Second-hand smoke: Non-smokers who are regularly exposed to second-hand cigarette smoke are also at an increased risk for developing SCLC.

Radon: When uranium breaks down in soil and rock, it releases a naturally occurring radioactive gas called radon. This gas may be found in the basements of older homes or buildings. Exposure to concentrated amounts of radon gas increases a person’s risk for developing SCLC. Test kits that can detect and measure levels of radon are widely available.

Workplace exposure: There are a variety of industries where workers are regularly exposed to carcinogens, such as asbestos, which increases their risk for lung cancer.
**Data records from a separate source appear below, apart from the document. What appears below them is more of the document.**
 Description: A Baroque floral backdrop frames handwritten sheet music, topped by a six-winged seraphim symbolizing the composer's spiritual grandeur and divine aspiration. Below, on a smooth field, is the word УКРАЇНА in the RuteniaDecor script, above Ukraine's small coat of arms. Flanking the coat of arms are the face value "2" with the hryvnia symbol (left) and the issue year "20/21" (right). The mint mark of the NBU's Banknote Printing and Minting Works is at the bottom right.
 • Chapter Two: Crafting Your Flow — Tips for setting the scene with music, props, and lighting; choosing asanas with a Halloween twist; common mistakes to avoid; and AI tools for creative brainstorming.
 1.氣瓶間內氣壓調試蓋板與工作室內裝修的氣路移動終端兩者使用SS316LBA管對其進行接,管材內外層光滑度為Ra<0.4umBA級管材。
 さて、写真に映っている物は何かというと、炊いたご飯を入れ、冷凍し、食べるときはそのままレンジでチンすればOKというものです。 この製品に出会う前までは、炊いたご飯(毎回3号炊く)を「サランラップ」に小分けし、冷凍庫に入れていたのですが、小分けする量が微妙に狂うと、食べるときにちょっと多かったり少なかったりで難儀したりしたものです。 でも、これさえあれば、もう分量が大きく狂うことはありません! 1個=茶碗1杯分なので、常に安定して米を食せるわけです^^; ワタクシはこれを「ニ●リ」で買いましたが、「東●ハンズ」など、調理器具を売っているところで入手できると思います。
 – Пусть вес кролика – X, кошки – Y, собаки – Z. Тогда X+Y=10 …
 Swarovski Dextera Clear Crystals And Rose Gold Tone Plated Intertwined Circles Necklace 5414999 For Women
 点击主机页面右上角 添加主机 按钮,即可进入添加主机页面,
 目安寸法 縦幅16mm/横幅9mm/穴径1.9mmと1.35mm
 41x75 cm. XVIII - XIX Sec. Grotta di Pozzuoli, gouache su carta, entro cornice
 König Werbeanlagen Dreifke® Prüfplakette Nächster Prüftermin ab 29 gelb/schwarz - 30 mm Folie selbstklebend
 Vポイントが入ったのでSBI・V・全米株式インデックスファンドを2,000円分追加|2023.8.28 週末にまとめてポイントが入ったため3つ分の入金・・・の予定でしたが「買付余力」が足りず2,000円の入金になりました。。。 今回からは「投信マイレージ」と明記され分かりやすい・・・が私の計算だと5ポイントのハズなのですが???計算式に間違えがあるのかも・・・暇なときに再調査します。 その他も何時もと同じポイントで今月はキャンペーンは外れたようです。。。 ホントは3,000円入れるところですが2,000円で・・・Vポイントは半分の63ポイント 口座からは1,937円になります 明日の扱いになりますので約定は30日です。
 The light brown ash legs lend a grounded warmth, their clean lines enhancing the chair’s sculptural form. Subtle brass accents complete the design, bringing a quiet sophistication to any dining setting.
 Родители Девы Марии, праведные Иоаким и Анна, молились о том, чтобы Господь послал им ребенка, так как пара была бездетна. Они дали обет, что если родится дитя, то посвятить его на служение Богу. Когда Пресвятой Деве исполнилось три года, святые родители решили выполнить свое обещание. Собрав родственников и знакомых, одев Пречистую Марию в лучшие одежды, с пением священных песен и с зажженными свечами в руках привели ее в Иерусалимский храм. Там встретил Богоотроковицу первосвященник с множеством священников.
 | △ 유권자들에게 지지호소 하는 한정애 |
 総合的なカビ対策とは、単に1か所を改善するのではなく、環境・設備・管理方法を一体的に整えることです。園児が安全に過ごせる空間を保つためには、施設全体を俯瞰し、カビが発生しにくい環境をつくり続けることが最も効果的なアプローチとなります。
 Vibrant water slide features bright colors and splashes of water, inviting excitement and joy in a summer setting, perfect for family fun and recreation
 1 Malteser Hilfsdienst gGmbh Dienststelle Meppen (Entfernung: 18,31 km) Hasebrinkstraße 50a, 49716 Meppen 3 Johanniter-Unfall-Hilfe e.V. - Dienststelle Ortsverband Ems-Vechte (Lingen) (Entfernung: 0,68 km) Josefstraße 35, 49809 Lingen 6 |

Other workplace agents that increase the risk for SCLC include radioactive ores, inhaled chemicals or minerals, such as beryllium, cadmium, silica, vinyl chloride and nickel compounds, and diesel exhaust.

Previous treatments

A history of lung diseases, including previous lung cancers, may put you at a higher risk of developing the disease. There is also a risk associated with other cancer treatments, like radiation therapy.

Metastatic lung cancer risk factors 

Smoking: For smokers, the amount and rate at which you smoke can increase your changes of lung cancer. Because the symptoms often go unnoticed, the chance of the cancer spreading is also high.